_Directions_.
The listing that follows must be retyped exactly, without its pictures.

_Data excerpt_.
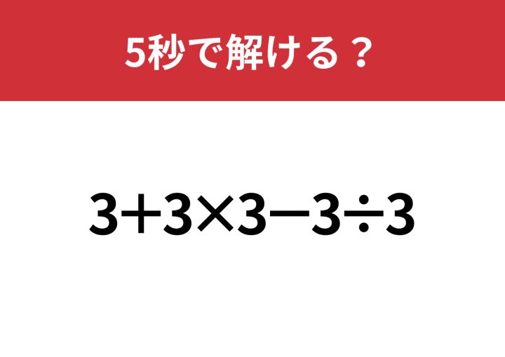 これが解けたら困ることなし!「3+3×3−3÷3」5秒で解ける?
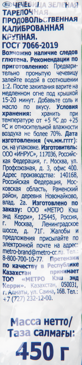 Чечевица Metro Chef зеленая цельная 450 г информация:
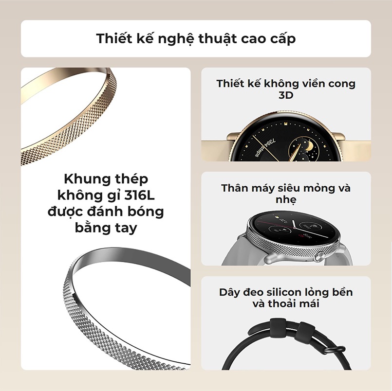 - Màn hình AMOLED 1.75” – Hiển thị sắc nét, thao tác mượt mà - Thiết kế vuông hiện đại – Thời trang, phù hợp nhiều phong cách - Theo dõi sức khỏe 24/7 –
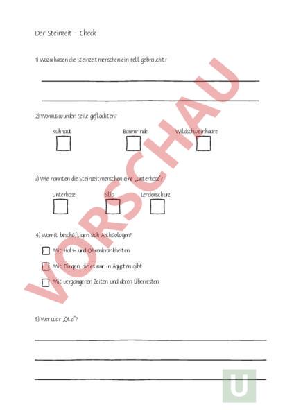 Arbeitsblatt zum Steinzeitcheck von Checker Tobi

_Result_.
 これが解けたら困ることなし!「3+3×3−3÷3」5秒で解ける?
 Чечевица Metro Chef зеленая цельная 450 г информация:
 - Màn hình AMOLED 1.75” – Hiển thị sắc nét, thao tác mượt mà - Thiết kế vuông hiện đại – Thời trang, phù hợp nhiều phong cách - Theo dõi sức khỏe 24/7 –
 Arbeitsblatt zum Steinzeitcheck von Checker Tobi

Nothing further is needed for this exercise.